The next column is EffectvUsage. EffectvUsage is the Account’s RawUsage divided by the total RawUsage for the cluster. Thus EffectvUsage is the percentage of the cluster the Account has actually used. In this case, the test_lab has used 0.057% of the cluster.

Finally, we have the Fairshare score. The Fairshare score is calculated using the following formula.f = 2^(-EffectvUsage/NormShares) From this one can see that there are five basic regimes for this score which are as follows:

1.0: Unused. The Account has not run any jobs recently.

1.0 > f > 0.5: Underutilization. The Account is underutilizing their granted Share. For example, when f=0.75 a lab has recently underutilized their Share of the resources 1:2

0.5: Average utilization.
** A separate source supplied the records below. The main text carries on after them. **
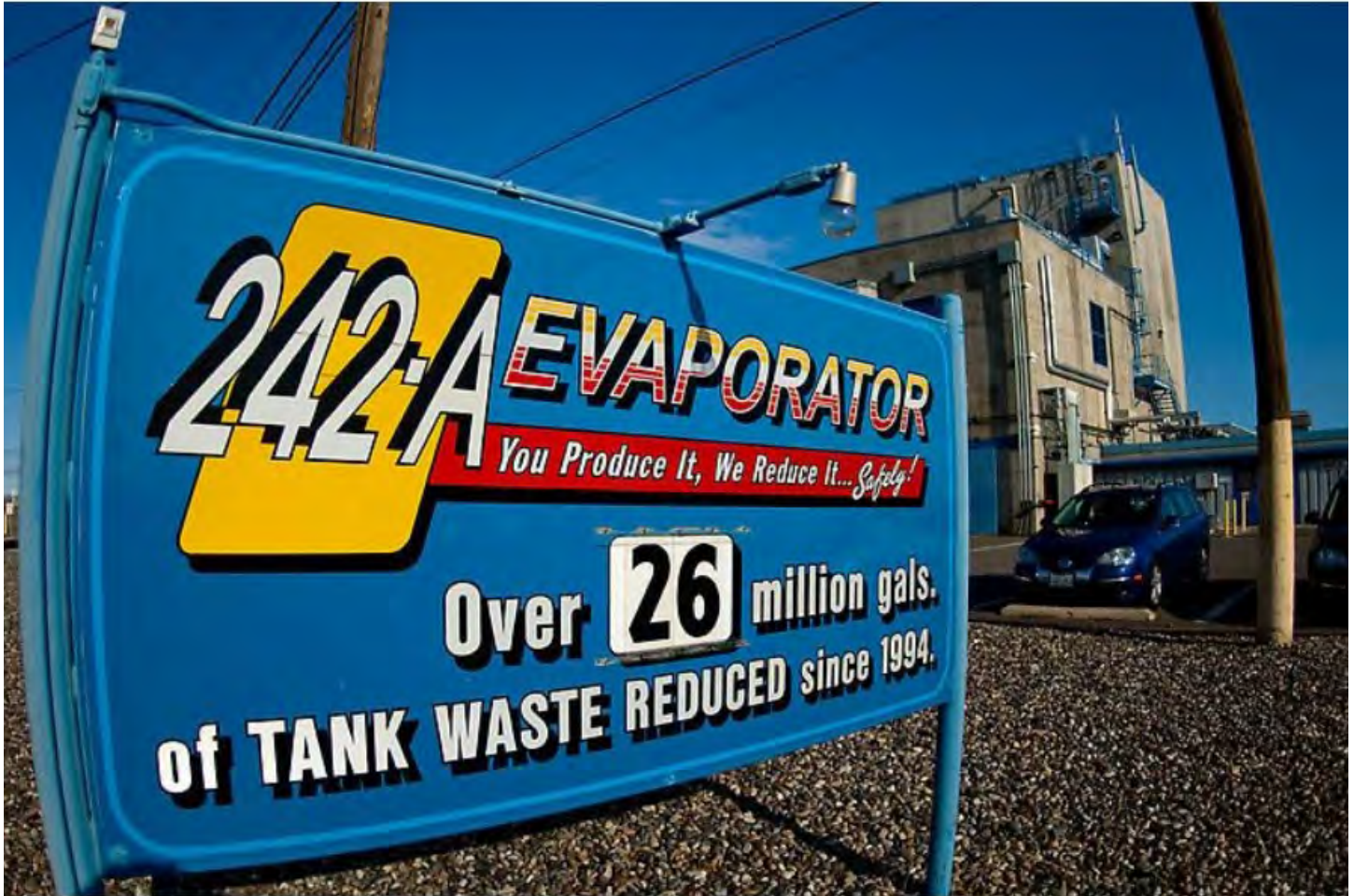
Figure 1 Sign in front of the 242-A Evaporator facility

modification are included. All deficiencies identified by Ecology have been resolved. The IQRPE design assessment provide information on the integrity of the tank system for the 242-A Evaporator associated with the wall penetrations.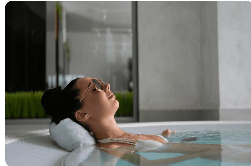
World-Class SPA Image for general understanding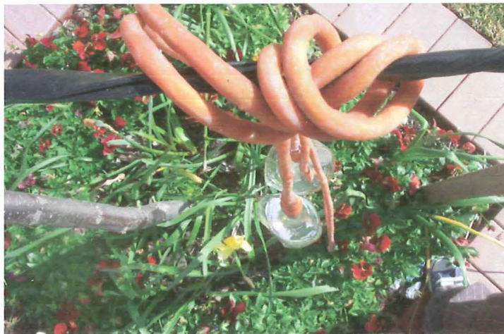
Figure 11: Photo Documentation. Untitled , 2004.

By combining glass and latex the relationship between the blown objects has successfully captured the ideas and concerns relating to trace, childhood and domesticity but ambiguity and an element of humour is present allowing for possibilities and the viewer to bring potential to the work.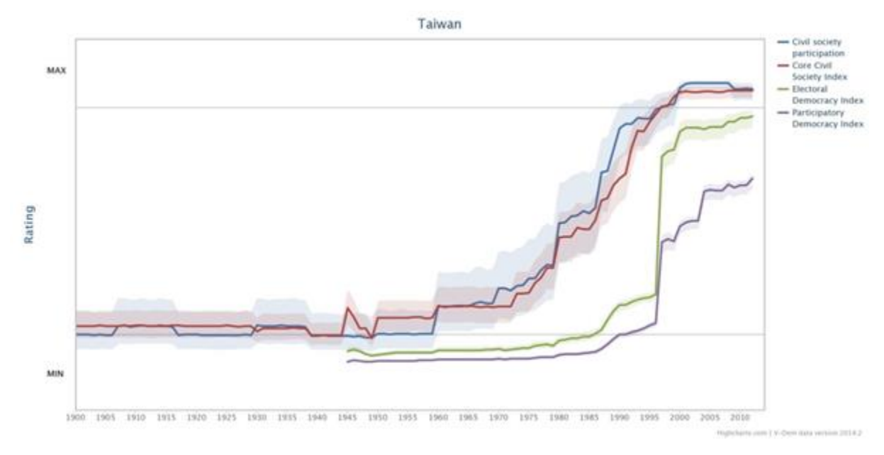
Figure 4. Civil society and democratization development in Taiwan (Source: Graph generated from Varieties of Democracy (V-Dem) online analysis in https://v-dem.net/DemoComp/en/, accessed on Feb. 2, 2015).

development, represented by electoral and participatory democracy in the graph below, with sharp upward growth in 1996 marked by the first direct presidential election. The evolution of state-society relations in Taiwan also tells the story of a democratizing Taiwan.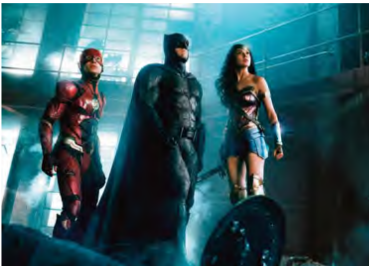
This image released by Warner Bros. Pictures shows Ezra Miller, from left, Ben Affleck and Gal Gadot in a scene from "Justice League."

The Account on average is using exactly as much as their granted Share.

0.5 > f > 0: Over-utilization. The Account has overused their granted Share. For example, when f=0.25 a lab has recently overutilized their Share of the resources 2:1

0: No share left. The Account has vastly overused their granted Share. If there is no contention for resources, the jobs will still start.

Since the usage of the cluster varies, the schedule does not stop Accounts from using more than their granted Share. Instead, the scheduler wants to fill idle cycles, so it will take whatever jobs it has available. Thus an Account is essentially borrowing computing resource time in the future to use now. This will continue to drive down the Account’s Fairshare score, but allow jobs for the Account to still start. Eventually, another Account with a higher Fairshare score will start submitting jobs and that labs jobs will have a higher priority because they have not used their granted Share. Fairshare only recovers as a lab reduces the workload to allow other Accounts to run. The half-life helps to expedite this recovery.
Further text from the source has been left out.